Incontinence-associated dermatitis (IAD) is a common type of moisture-associated skin damage related to prolonged exposure to urine and faecal incontinence (Gray et al, 2011). Historically, a variety of terms were used to describe this condition, including moisture lesions, irritant dermatitis, perineal dermatitis and nappy rash (Gray et al, 2007; Beeckman et al, 2015; Ferreira et al, 2020) but IAD is the accepted terminology now used across the literature, defined as ‘a type of irritant contact dermatitis (inflammation of skin) found in people with urinary and or faecal incontinence’ (Beeckman et al, 2015) and as such can occur in any age group.

IAD is a top-down injury presenting as redness of the skin including oedema of the surface of the skin, and may be accompanied by blisters, serous exudate, epidermal erosion, and secondary cutaneous infection (Gray et al, 2012; Beeckman et al, 2016).

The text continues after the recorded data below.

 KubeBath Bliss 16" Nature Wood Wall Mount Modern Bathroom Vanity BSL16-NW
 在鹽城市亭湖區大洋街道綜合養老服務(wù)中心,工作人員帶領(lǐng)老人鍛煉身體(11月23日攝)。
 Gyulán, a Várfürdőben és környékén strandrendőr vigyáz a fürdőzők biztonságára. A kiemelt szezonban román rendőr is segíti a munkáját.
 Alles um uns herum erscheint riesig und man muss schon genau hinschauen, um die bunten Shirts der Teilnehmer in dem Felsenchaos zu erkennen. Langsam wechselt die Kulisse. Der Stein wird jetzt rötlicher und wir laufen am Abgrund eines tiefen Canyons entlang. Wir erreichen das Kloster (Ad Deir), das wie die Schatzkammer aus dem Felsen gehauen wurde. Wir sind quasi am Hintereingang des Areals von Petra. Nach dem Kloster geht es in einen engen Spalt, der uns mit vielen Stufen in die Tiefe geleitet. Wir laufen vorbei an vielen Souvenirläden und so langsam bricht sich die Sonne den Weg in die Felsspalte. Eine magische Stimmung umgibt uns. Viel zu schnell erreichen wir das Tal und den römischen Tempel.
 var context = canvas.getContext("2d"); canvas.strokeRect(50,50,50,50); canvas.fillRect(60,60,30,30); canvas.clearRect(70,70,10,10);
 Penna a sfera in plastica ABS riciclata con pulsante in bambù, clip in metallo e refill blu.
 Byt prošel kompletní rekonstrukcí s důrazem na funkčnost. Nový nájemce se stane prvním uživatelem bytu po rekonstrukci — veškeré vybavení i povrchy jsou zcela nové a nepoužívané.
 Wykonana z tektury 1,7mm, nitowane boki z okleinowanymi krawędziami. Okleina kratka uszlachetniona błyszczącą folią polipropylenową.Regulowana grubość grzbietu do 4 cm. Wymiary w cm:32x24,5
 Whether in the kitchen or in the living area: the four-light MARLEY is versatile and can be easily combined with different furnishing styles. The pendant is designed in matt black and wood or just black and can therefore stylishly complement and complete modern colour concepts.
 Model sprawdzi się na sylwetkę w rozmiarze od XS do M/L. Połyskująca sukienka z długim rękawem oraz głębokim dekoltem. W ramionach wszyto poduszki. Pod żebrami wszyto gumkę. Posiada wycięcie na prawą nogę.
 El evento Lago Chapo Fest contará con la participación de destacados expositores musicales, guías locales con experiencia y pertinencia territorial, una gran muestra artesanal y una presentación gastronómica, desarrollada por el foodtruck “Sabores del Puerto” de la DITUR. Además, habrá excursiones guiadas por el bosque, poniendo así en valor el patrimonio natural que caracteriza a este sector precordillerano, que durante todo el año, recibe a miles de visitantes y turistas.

The affected skin area may have varying depths of damage to the epidermis, be patchy or continuous with poorly defined edges, while affected intact skin may be firmer and warmer than adjacent unaffected areas (Beeckman et al, 2015). Histopathological analysis of IAD reveals inflammation of the upper dermis, resulting in erythema (Houwing et al, 2007; Mugita et al, 2015). Erosion is followed by dermal and epidermal proliferation as well as vascular occlusion, resulting in necrobiosis and partial tissue loss. In contrast, pressure injuries are largely caused by bottom-up damage when pressure or shear destroys deeper tissues such as muscle (Gray et al, 2012). Histopathological analysis of pressure injury indicates ischaemia as the major culprit (Houwing et al, 2007), and ultrasonic imaging reveals subdermal pockets of oedema near underlying bone (Quintavalle et al, 2006).